There were also nativity plays, with Aboriginal children proudly performing for their communities. Said another:
When there was Christmas or even Easter Day there was a role-play… On Christmas Day I used to read. Three of them was the Wise Men and the other one was Mary and the other young boy was Jesus.
Behind the lightheartedness came an agenda. As one priest commented, Christmas was to be a “magnet” to draw people into missions. Ultimately, missionaries hoped the celebration of Jesus’s birth would prove more attractive than Aboriginal people’s own ceremonies.
For those who would not settle on missions, Christmas was used against them. At Yarrabah in Queensland the “unconverted heathens” were invited to join the festivities, but their exclusion was symbolised by them walking at the back of processions, sitting at the back of the church and being the last to be served their meal.
In missionaries’ eagerness to use Christmas to spread Christianity, they started to use Aboriginal languages (with Aboriginal co-translators). At Ngukurr in southern Arnhem Land and Gunbalanya, the first church services in Aboriginal languages were Christmas services (in 1921 and 1936).
Aboriginal people loved carols, so these were the first songs translated. On the 1947 release of the Pitjantjatjara Hymnal, Christmas carols were the most popular (The First Noel sung in parts being the favourite). On Groote Eylandt, translation began with Christmas carols, nativity plays and Christmas readings in the 1950s. At Galiwin’ku on Elcho Island in Arnhem Land, the annual Christmas Drama was in Yolngu Matha from 1960.
Translation was meant to make missionary Christianity more attractive, but it opened the way for more profound cultural experimentation. Aboriginal people infused Christmas with their own traditions. On the Tiwi Islands, in 1962 there was a “Corrobboree Style” nativity on the mission told through traditional Tiwi dance. Dance traditions missionaries had previously called “pagan” were now used by Tiwi people to share the Christian celebration.
At Warruwi on the Goulburn Islands in western Arnhem Land, Maung people began “Christmas and Easter Ceremonies” from the 1960s, blending ceremonial styles with Western musical traditions as well as their own music and dance.
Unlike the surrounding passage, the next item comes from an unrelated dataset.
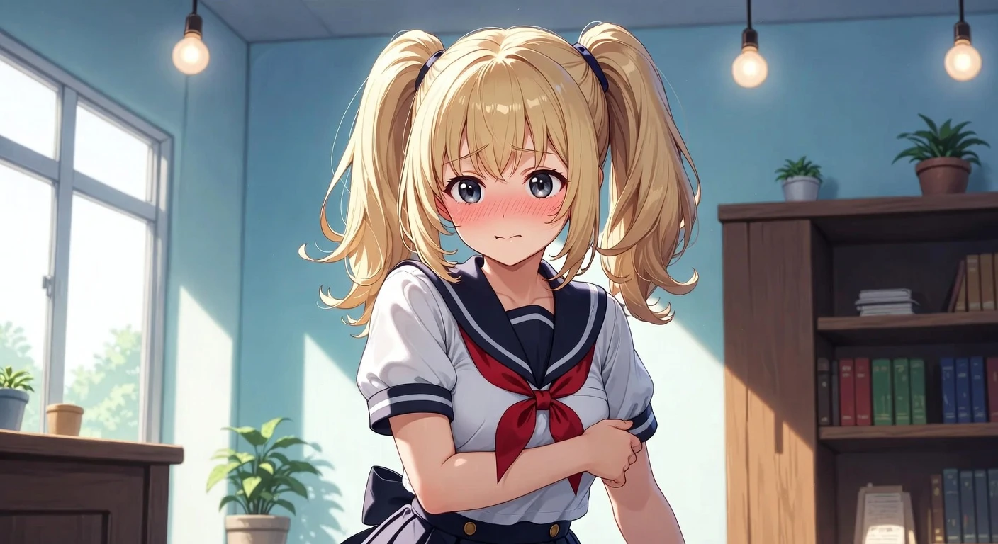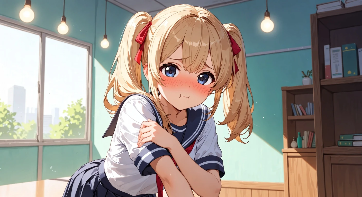 Choose classic twin-tail tsundere, cool sharp-tongued type, or modern subtle blusher. Set expression intensity, select an outfit, pick a signature pose (crossed arms, looking away, reluctant hand-hold), and drop her into the perfect scene.

At Wadeye, in the Northern Territory, “Church Lirrga” (“Liturgy Songs”) include Christmas music, sung in Marri Ngarr with didjeridu. The Church Lirrga share the melodies of other Marri Ngarr songs that tell of Dreamings on the Moyle River.
Many who embraced Christianity sought to express their spirituality without missionary control. At Milingimbi in the NT, Yolngu people developed a Christmas ceremony with clap sticks and dijeridu outside the mission and free of missionary interference.
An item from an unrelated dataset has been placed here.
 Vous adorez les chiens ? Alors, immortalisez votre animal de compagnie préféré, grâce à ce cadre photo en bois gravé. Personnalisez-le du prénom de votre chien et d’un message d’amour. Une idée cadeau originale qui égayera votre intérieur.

At Ernabella Mission in South Australia in 1971, people began singing the Christmas story to ancient melodies, with the permission of their songmen. Senior Anangu women at Mimili, SA, later sang the Pitjantjatjara gospel to their witchetty grub tune, blending Christmas with their Dreamings and songlines.
Christmas was woven into community life. Just as introduced animals found their way into Aboriginal songs and stories, Christmas became part of the seasons and landscape, as Therese Bourke explained at Pirlangimpi on the Tiwi Islands:
They used to have donkeys [here] and the donkeys used to come round in December. And my mother’s mob used to say, “they’re coming around because it’s Christmas and Jesus rode on the back of one.”
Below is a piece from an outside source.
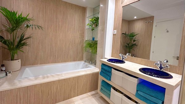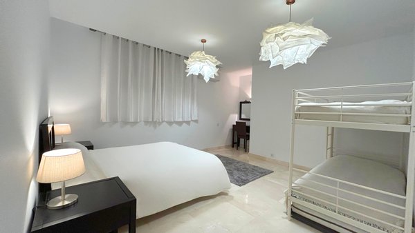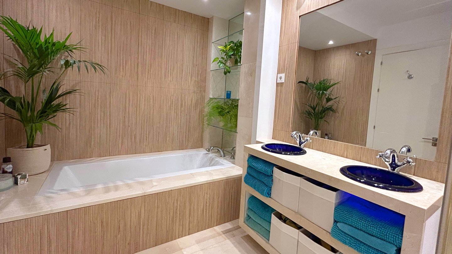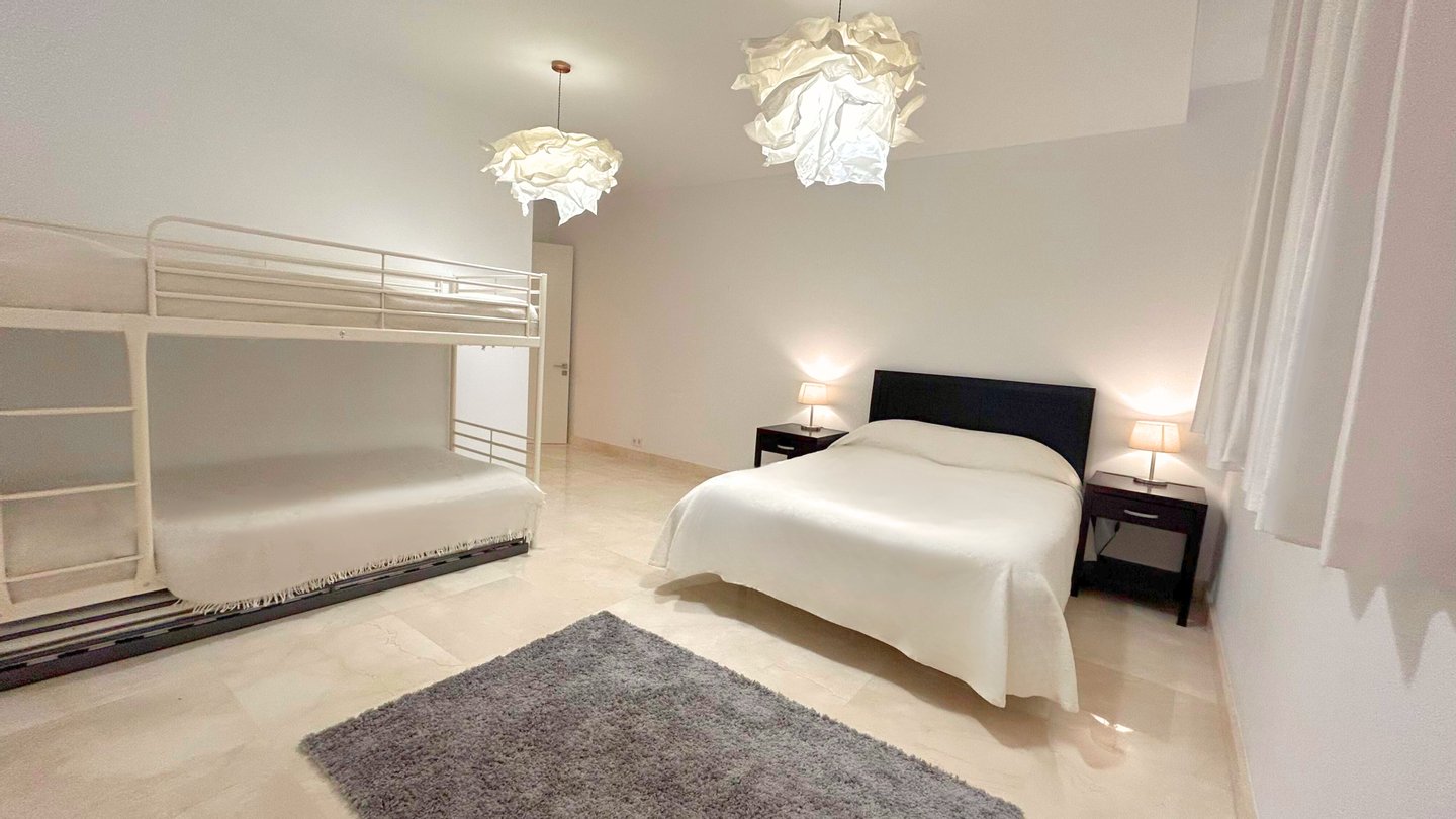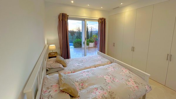 Im Untergeschoss befinden sich vier Schlafzimmer und drei Badezimmer – zwei davon mit eigenem Bad. Die Master-Suite bietet großzügige Proportionen, Zugang zur Terrasse und ein wunderschön gestaltetes ensuite-Bad. In den Schlafzimmern und Fluren gibt es reichlich Einbauschränke. Drei Schlafzimmer haben direkten Zugang zur unteren Terrasse, zum Garten und zum privaten Pool.

The missions transformed into “communities” under a policy framework of self-determination in the 1970s, although missionaries themselves often remained active in the communities for decades. Meanwhile, many Aboriginal people have mixed memories of the missions – fondness for some aspects, anger at others – including Christmas.
But regardless of the missionaries, Christmas became an Aboriginal celebration in its own right. Some missionaries even came to appreciate Aboriginal ways of celebrating Christmas in line with their Dreamings. Though missionaries had wanted to replace Aboriginal spirituality with a “white Christmas”, it became a season of deeper meetings of cultures.